BRIEF –
Below is a listing with pictures. Repeat exactly the lines starting at the one holding "- A direct underground" and going on through the one holding "- Durable: Utility", and leave every picture out.

PROVIDED DATA –
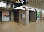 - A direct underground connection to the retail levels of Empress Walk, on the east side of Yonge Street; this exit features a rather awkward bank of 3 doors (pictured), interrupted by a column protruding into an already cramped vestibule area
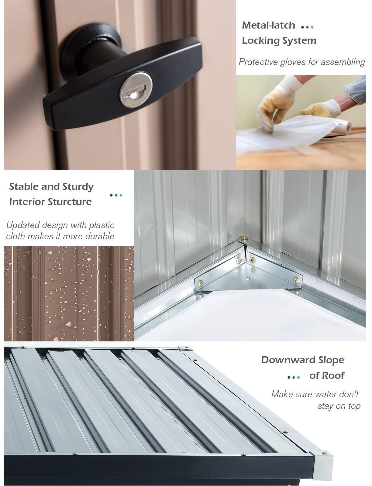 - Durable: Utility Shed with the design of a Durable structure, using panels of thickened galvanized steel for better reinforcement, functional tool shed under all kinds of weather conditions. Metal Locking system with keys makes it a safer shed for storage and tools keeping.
* * *
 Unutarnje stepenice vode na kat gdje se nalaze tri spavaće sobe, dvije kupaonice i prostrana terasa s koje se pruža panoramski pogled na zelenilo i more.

RESULT OF THE TASK –
 - A direct underground connection to the retail levels of Empress Walk, on the east side of Yonge Street; this exit features a rather awkward bank of 3 doors (pictured), interrupted by a column protruding into an already cramped vestibule area
 - Durable: Utility Shed with the design of a Durable structure, using panels of thickened galvanized steel for better reinforcement, functional tool shed under all kinds of weather conditions. Metal Locking system with keys makes it a safer shed for storage and tools keeping.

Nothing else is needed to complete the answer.